Marv Woodson

No. 47
- Positions: Safety, Halfback

Personal information
- Born: September 19, 1941 Hattiesburg, Mississippi, U.S.
- Died: February 11, 2023 (aged 81)
- Listed height: 6 ft 1 in (1.85 m)
- Listed weight: 190 lb (86 kg)

Career information
- High school: Rowan (Hattiesburg)
- College: Indiana
- NFL draft: 1964 (1st round, 8th overall pick)
- AFL draft: 1964 (3rd round, 17th overall pick)

Career history
- Pittsburgh Steelers (1964–1969); New Orleans Saints (1969); Washington Redskins (1970)*;
- * Offseason or practice squad member only

Awards and highlights
- Pro Bowl (1966); 2× Second-team All-Big Ten (1961, 1962);

Career NFL statistics
- Interceptions: 18
- Fumble recoveries: 4
- Total touchdowns: 2
- Stats at Pro Football Reference

= Marv Woodson =

American football player (born 1941)

Marvin Lewis Woodson (September 19, 1941 – February 11, 2023) was an American professional football player who was a safety and defensive back in the National Football League (NFL). He played college football for the Indiana Hoosiers.
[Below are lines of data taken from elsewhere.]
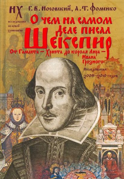 Все результаты, излагаемые в книге, получены недавно, являются новыми и публикуются впервые. Новая Хронология бросает новый и неожиданный свет на замечательные произведения Шекспира. Оказывается, такие знаменитые пьесы, как «Гамлет», «Король Лир», «Макбет», «Тимон Афинский», «Генрих VIII», «Тит Андроник», основаны на реальных событиях XII—XVI веков, развернувшихся в Великой Империи.
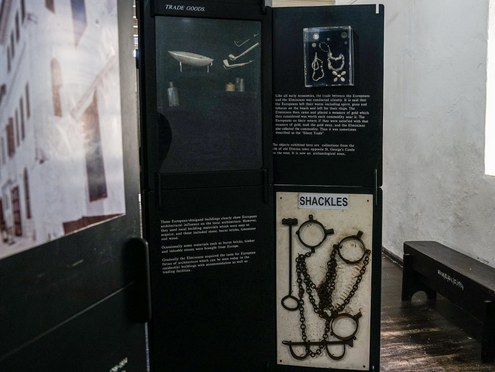 这是6月19日在加纳海岸角埃尔米纳城堡里陈列的有关奴隶贸易的展品。埃尔米纳城堡是第一座位于西非几内亚湾的奴隶贸易所。新华社记者 李亚辉 摄
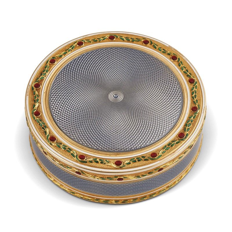 in oro giallo, corpo e coperchio decorati in smalti policromi su fondo guilloche a motivi concentrici, bordi cesellati e smaltati con ghirlande di alloro e bacche rosse, punzoni francesi del maestro orafo Joseph Etienne Blerzy, lettera della data, marchi charge e décharge del verificatore Jean-Baptiste Fouache (1774-1780), n. 396 inciso sul bordo, dim. cm 7x7x2 circa, gr. 122
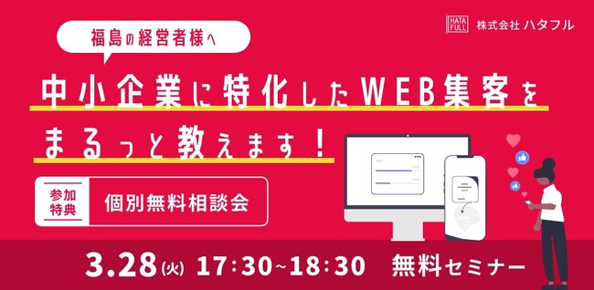 Web制作やデジタルマーケティングを手がける株式会社ハタフル(本社:福島県郡山市、代表取締役:臼井翼)は、『中小企業に特化したWEB集客』をテーマにしたセミナーを3月28日(火)に開催いたします。(申し込み先:https://hatafullseminar230328.peatix.com)
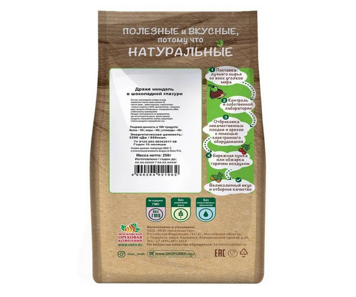 Миндаль в шоколадной глазури ДражеДары природы 250 гр, 2707 интересное:
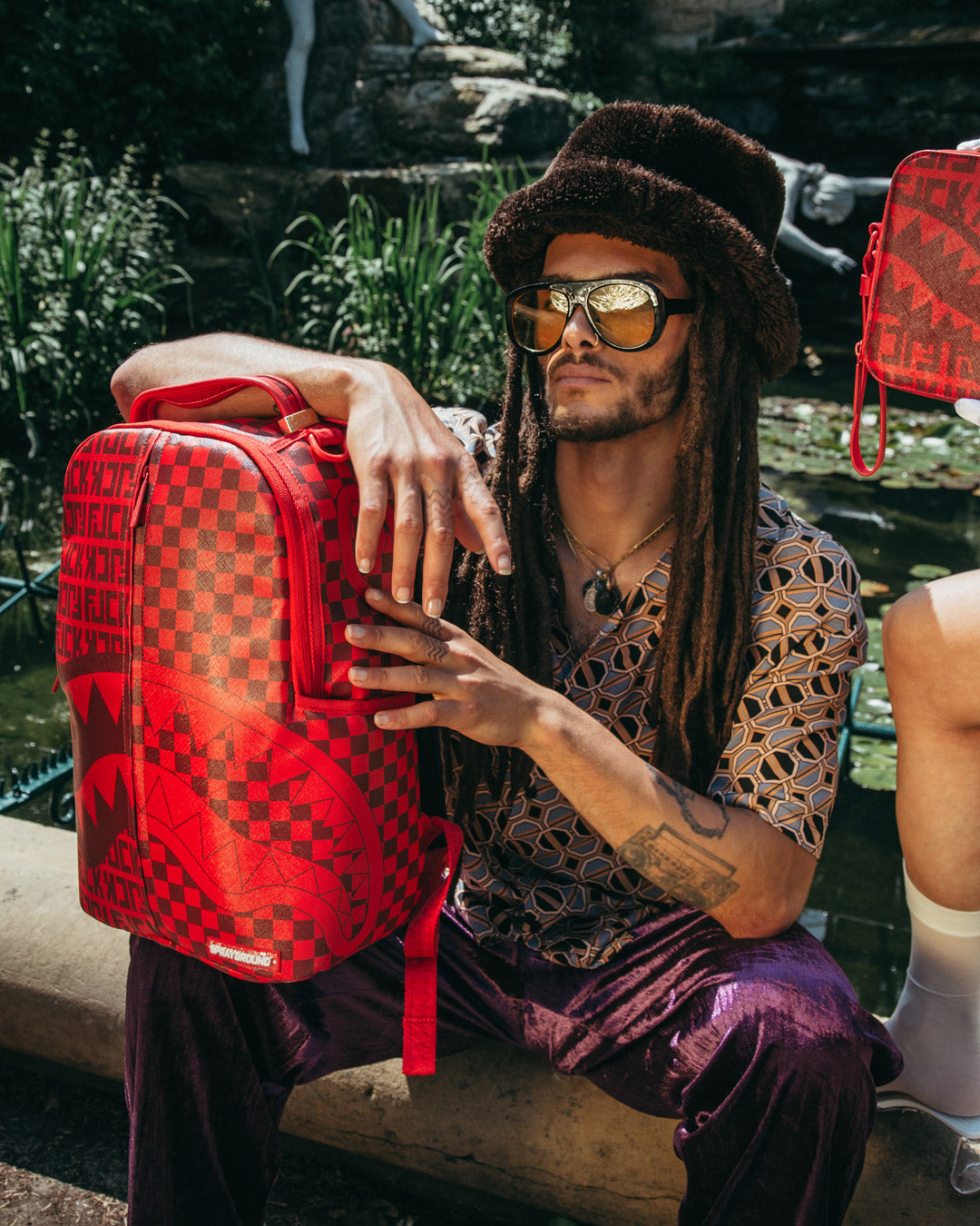 Dimensions: 18' x 6' x 11.5' • Front zipper pocket • Side pockets • Zippered Stash pocket • Separate velour sunglass compartment • Ergonomic mesh back padding • Adjustable Straps for custom sizing • Gold zippers with metal hardware • Metal 'Sprayground Authentic' badge • Slide through back sleeve connects to carry-on luggage to free your hands
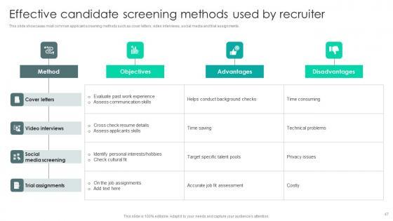 This slide showcases most common applicant screening methods such as cover letters, video interviews, social media and trial assignments. Crafting an eye-catching presentation has never been more straightforward. Let your presentation shine with this tasteful yet straightforward Strategic Staffing Using Data Driven Effective Candidate Screening Methods Used CRP DK SS V template. It offers a minimalistic and classy look that is great for making a statement. The colors have been employed intelligently to add a bit of playfulness while still remaining professional. Construct the ideal Strategic Staffing Using Data Driven Effective Candidate Screening Methods Used CRP DK SS V that effortlessly grabs the attention of your audience Begin now and be certain to wow your customers This slide showcases most common applicant screening methods such as cover letters, video interviews, social media and trial assignments.
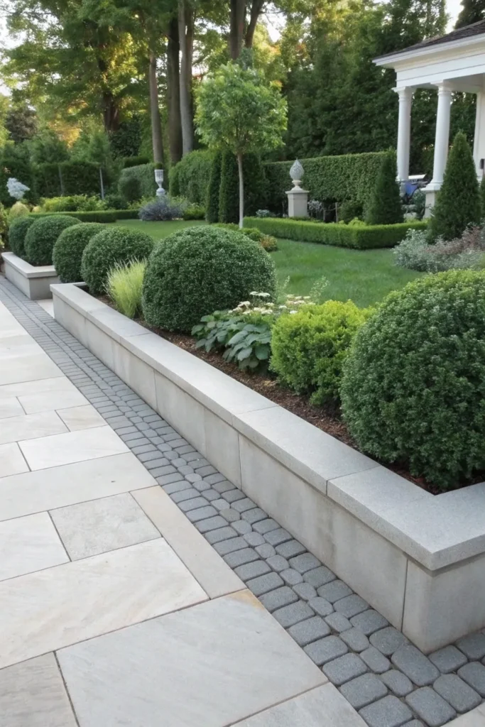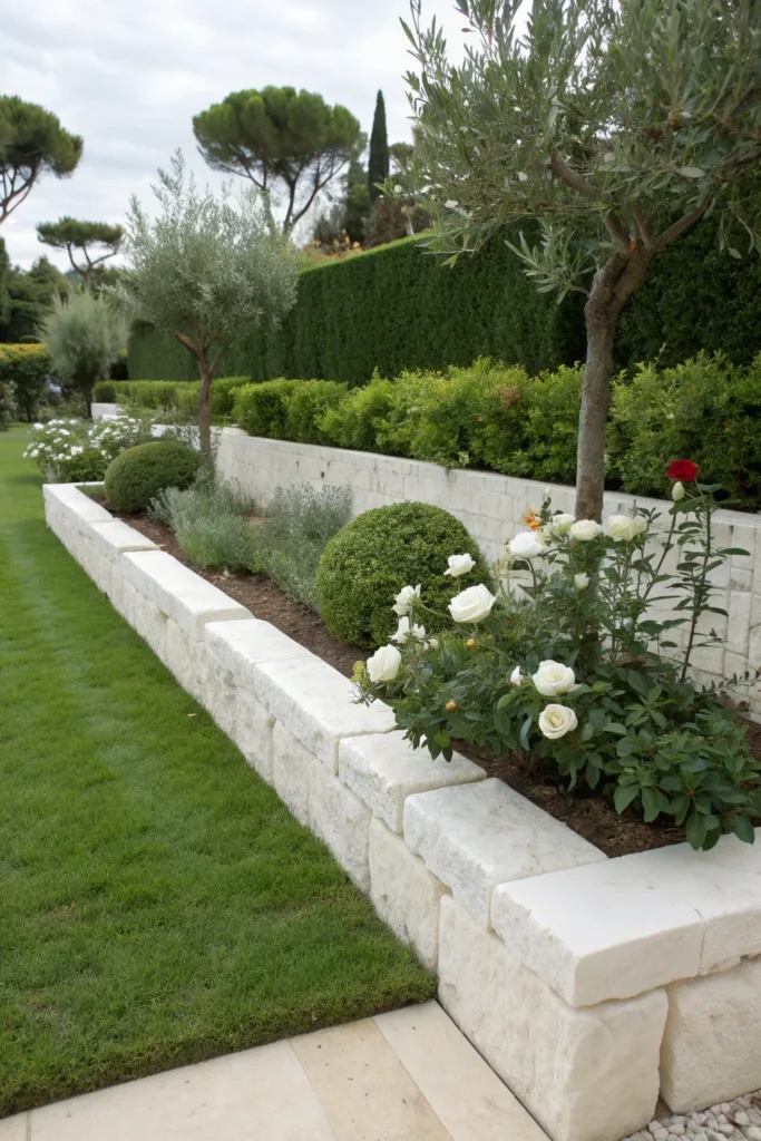 White limestone edging brightens garden spaces, creating a crisp and upscale border that feels both Mediterranean and modern.
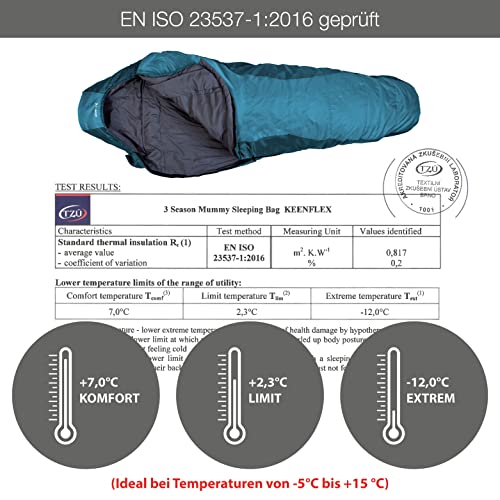 Der KEENFLEX – Mumienschlafsack wurde im Labor gemäß den neuesten globalen Standards (EN ISO 23537-1: 2016) mit einer zertifizierten Extremtemperatur von -12,0°C und einem Schlafkomfort ab 7,0 °C getestet. Perfekt für Frühlings-, Sommer- und Herbstcamping.
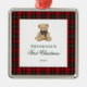 Red Plaid Teddy Bear Baby First Christmas Metal Ornament

== Early life and college ==
Woodson was born on September 19, 1941, in Hattiesburg, Mississippi. Woodson attended Rowan High School in Hattiesburg. He attended Indiana University, where he played college football.

At Indiana, he played offense as well as defense, rushing for 540 yards and five touchdowns in 1962, along with 200 receiving yards, leading the team in both rushing and receiving. In addition, he returned punts and kickoffs and had two interceptions. Woodson's 92-yard interception touchdown return in a November 1962 game against Purdue is considered one of the great plays in Indiana football history. He was selected first-team All-American. He only played three games his senior year because of a serious knee injury.
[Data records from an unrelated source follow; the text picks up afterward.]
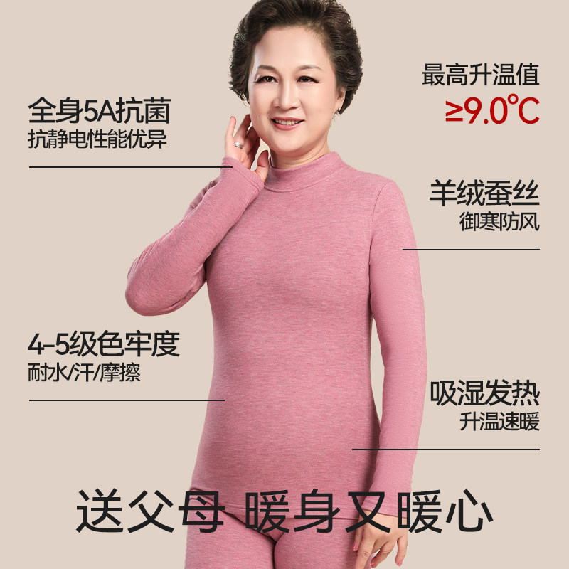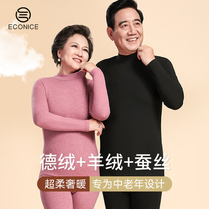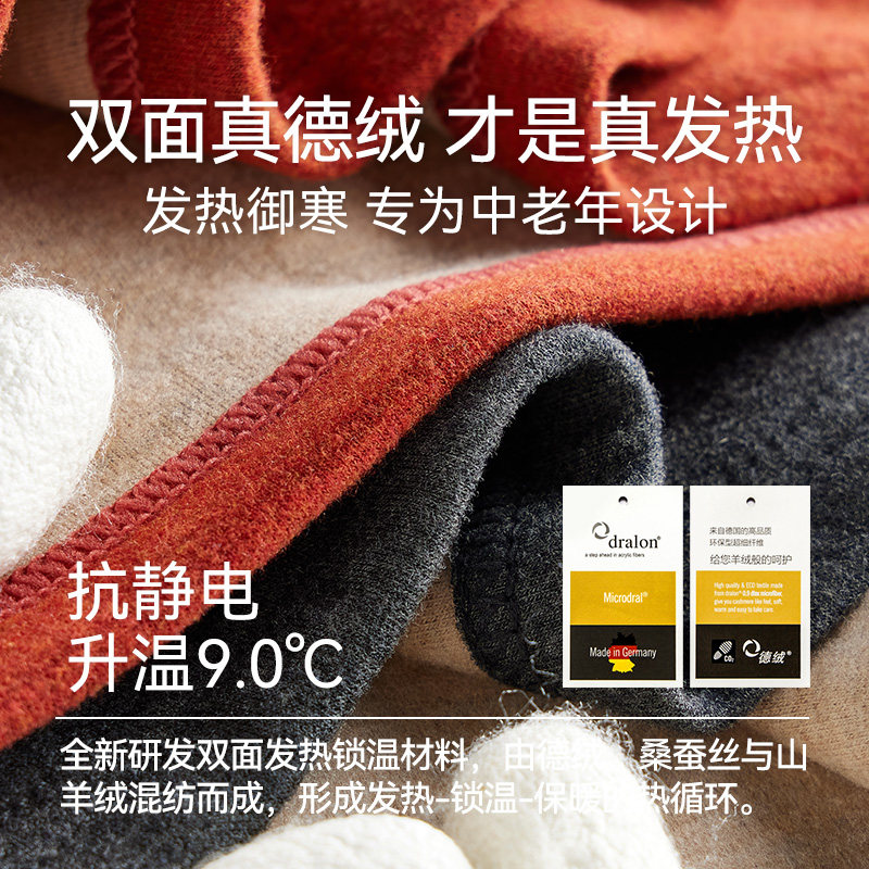 德绒羊绒妈妈秋衣秋裤套装女打底中老年爸爸发热保暖内衣棉毛衫冬
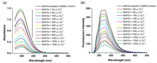 Absorption (a) and emission spectra (b) of the BisFOx compound (c = 1 × 10−5 mol L−1), in DMSO solution, after titration with incremental amounts of Cu2+ ions.
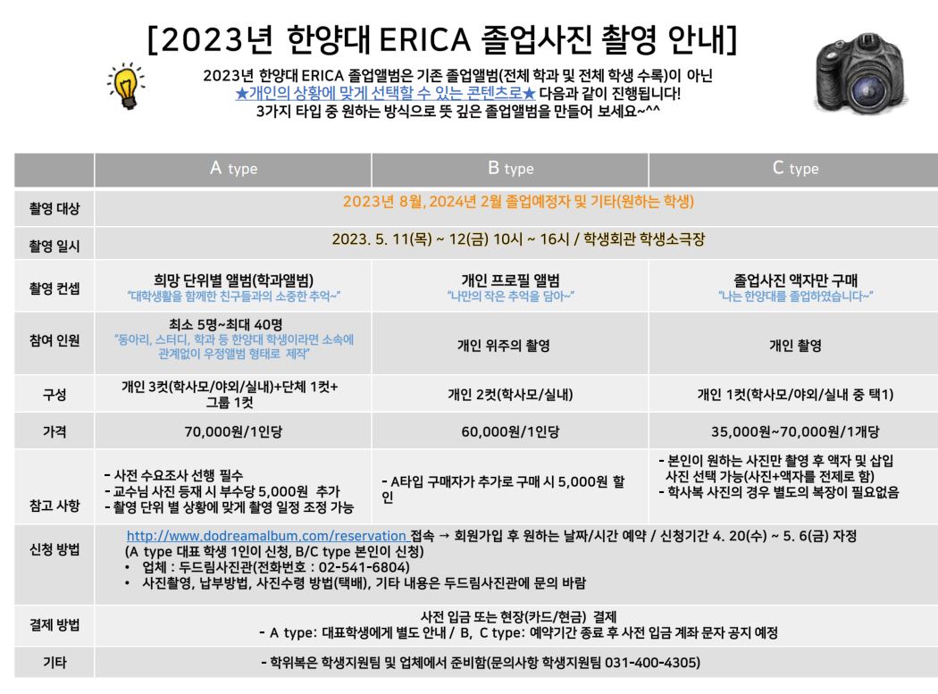 2023학년도 1학기 ERICA 졸업 사진 촬영 일정을 아래와 같이 안내하오니 참고하시기 바랍니다.
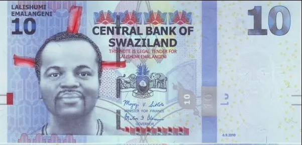壹堆饭们莫要惊慌,此处壹读君贴出的并非是某通缉犯的大头照及悬赏金额,而是非洲东南部国家斯威士兰的货币——里兰吉尼,而纸币上所印的,正是斯威士兰的现任国王姆斯瓦蒂三世。斯威士兰中央银行,你们发行纸币的时候完全没有给国王好好修一下图,到底是怎样的居心……
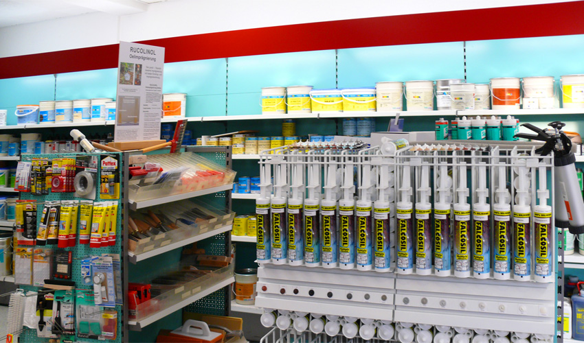 RUCO Vollsortiment, RUCOTINT, RUCO-AQUA, BOSSHARD, KABE, KNUCHEL, SAX, TEKNOS-Lacke, AURO-Naturfarben, BRUNOX Rostschutz, HEMPEL-Bootsfarben, NAUTICO-Bootsfarben,FARROW&BALL Farbtöne, LITTLE-GREEN-Farbtöne, OWATROL, RENUWELL- Holzpflege, PINTASOL, RICO, DECOTRIC, GLUTOLIN, HENKEL/PATTEX, FALCONE Kittprogramm, FEIN Maschinen und Schleifmittel, CIRET/STORCH/ROTA, FESTO, HITACHI, HOLA-HOPHAN, NESPOLI, FRIESS, TECHNO, PPG-MAXICAR, DUPLICOLOR, 3M Werkzeuge und Schleifmittel, SIA-Schleifmittel, SMIRDEX-Schleifmittel, PERMAPACK-Sortiment, TESA-Produkte,

Future NFL player Nate Ramsay played in Indiana's offensive and defensive backfields with Woodson at Indiana. He was also teammates with future NFL players Tom Nowatzke (Woodson's backup in 1962) and Rudy Kuechenberg.

== Professional football ==
Woodson was drafted by the Baltimore Colts in the first round of the 1964 NFL draft (eighth overall), and was selected in the third round of the 1964 AFL draft by the Denver Broncos (17th overall pick). The Colts traded Bill Saul and Woodson to the Pittsburgh Steelers for kicker/defensive lineman Lou Michaels and a 1965 third-round pick (that became Glenn Ressler) before ever playing for Baltimore.

He played 72 games across six NFL seasons, playing for the Steelers from 1964 to 1969 and for the New Orleans Saints in 1969. He was waived by the Steelers in 1969, after eight games, and was picked up by the Saints.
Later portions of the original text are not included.